Half of Large Banks Have Bad Operational Risk Management
The OCC uncovered severe problems that could rebound on CRE, among others.
It’s shocking and sobering if you’re in CRE. Major federal bank regulatory Office of the Comptroller of the Currency made “confidential assessments” of 22 large banks it supervises, according to a Bloomberg report. Fully half lack an adequate grasp of and controls for many types of operational risk.
The lack of operational risk management in the largest banks is outside of bad loans or the potential for damaging market swings. The OCC looked at such threats as employee mistakes, legal problems, natural disasters, or tech weaknesses. These are things that can go wrong in how a bank undertakes day-to-day ordinary procedures, not with, for example, the quality of loans.
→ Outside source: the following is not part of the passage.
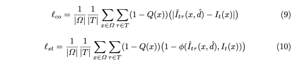 앞에서 언급한 바와 같이 Q를 이용하여 높은 reconstruction error이 발생한 경우에는 비지도 학습 기반의 손실 함수를 이용한 학습을 진행합니다. 해당 태스크에서는 일반적으로 unsupervised photometric reprojection error (i.e. color and structural consistencies)를 이용합니다. 이는 아래와 같습니다.

And yet, the results could rebound indirectly on CRE.
That’s because, in a bank, virtually every type of risk comes down to holding capital in reserve. “Banks have to show regulators plans for managing such risks, and they have to hold capital against those threats, a requirement that’s long been debated because they’re harder to measure than credit or market risks,” Bloomberg wrote.
If banks have “insufficient” or “weak” management of operational risk, that means the institutions can’t see or control it enough. The less it’s possible to identify, anticipate, and counter risk, the greater the amount of capital reserves ultimately needed to offset the potential threat.
In a report from last month, the OCC noted that operational risk was elevated, whether from cyber threats, increasing digitalization, new and innovative product and service adoption, and payment and wire fraud. Banks that have poor control over operational risk should have to plan for even greater amounts of capital reserves.
That capital must come from somewhere. If there isn’t a sudden influx, it stands to reason that there will be less capital to cover other types of risk, like CRE lending. However, the OCC report also noted increased credit risk, particularly from commercial real estate, specifically office and some multifamily.
That isn’t surprising. The credit quality on office bank loans has continued to drop. The Federal Reserve most recently said that CRE overall continues to weaken. Even the largest banks are showing signs of pain from CRE lending.
The new question is whether operational weaknesses at major banks are likely to open new negative pressures on CRE lending by pulling reserve capital away.